Planning Board member Mike Carpenter has had recent dealings with zoning officials in Ulysses.  “They didn’t want anything to happen in the Town that didn’t increase their property values,” Carpenter told his Board, based on his own experience.

Enfield’s zoning talk first emerged at a Planning Board meeting in early June when Supervisor Redmond, out of the blue, brought the topic up.

“I do believe it is something we should consider,” Redmond told planners about potential zoning that June night. 

But the Supervisor’s updated comment at the planners’ most recent meeting indicates she’s backtracked a bit.

In both June and July, Redmond placed discussion of potential zoning on the Town Board’s monthly agenda. It’s again up for discussion August 10th.  In zoning’s two prior airings, the topic played to mixed reviews, raising tensions briefly at the Town Board’s meeting July 13th.

Redmond asked Board members for direction and a “list of concerns” they’d like potential new land use controls to address.
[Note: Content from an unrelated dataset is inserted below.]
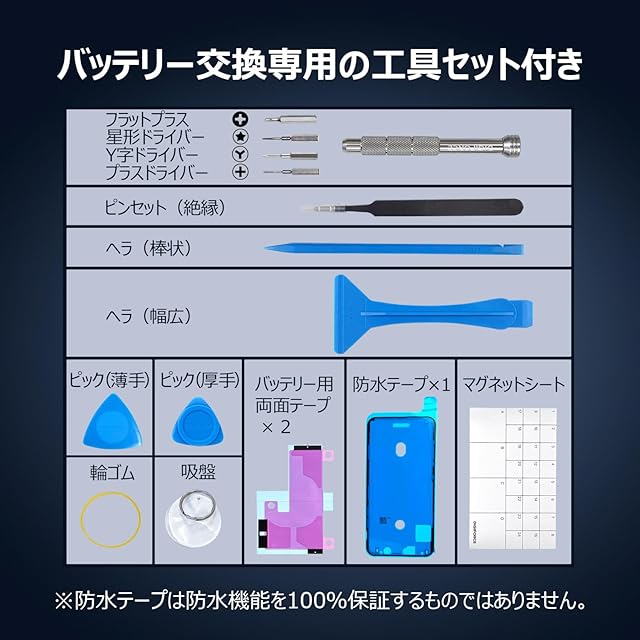・iPhone 対応の互換バッテリー&修理工具セットです。使いやすい工具付き!この交換キット1つあればご自分でiPhoneのバッテリー交換が可能です。※取付手順書は付属しません。交換方法は「YouTube」や「iFixit」などのサイトで事前にご確認ください。 ・iPhoneのバッテリーは、充電の繰り返しにより徐々に劣化してしまいます。電池がすぐに無くなる、突然電源が切れる、充電の持ちが悪くなってきたと感じたときがバッテリー交換の目安です。 ・純正品と同様のTI社製ICチップを使用し、iOSのアップデートにも対応しているので、アップデート後も安心してご利用いただけます。 ・ご注文日より2年間(24ヶ月間)の長期製品つきです。 ・バッテリー交換は「自己責任」であることをご了承のうえ、ご購入ください。

“Well, I’ll give you direction right now,” Councilperson Robert Lynch, (this writer), quickly and bluntly responded.  “Let’s not go there.”

Lynch challenged Redmond’s assertion that citizen contributors to Enfield’s latest 2020-adopted Comprehensive Plan had frequently suggested and supported zoning, albeit anonymously.  Lynch said that when he was on the campaign trail, he’d heard only one constituent endorse zoning controls.

At the July Town Board meeting and again before the Planning Board this month, Planning Board Chair Dan Walker clarified that Enfield’s current Comprehensive Plan does not recommend zoning.

****

Yet a single, overriding fear transparently dominates Redmond’s desire for zoning-style regulation.  It’s a hypothetical risk that no one’s even predicted may happen, let alone proposed. 

The Supervisor worries that the giant Seneca Meadows landfill near Waterloo—Mount Trashmore, as its detractors call it—might relocate to Enfield once it ceases operation up north within a few years.

Supervisor Redmond (official photo)

“I would not like to see a landfill anywhere in our town,” the Supervisor emphatically told her Town Board July 13th.  “The one up at Seneca Meadows is noxious; fumes for miles around; it smells terrible.”

Redmond repeated her concerns before the Planning Board last Wednesday.  And two mornings after the Town Board met, Councilperson Lynch weighed in, via an internal email, saying that he, too, would not welcome the stinky giant.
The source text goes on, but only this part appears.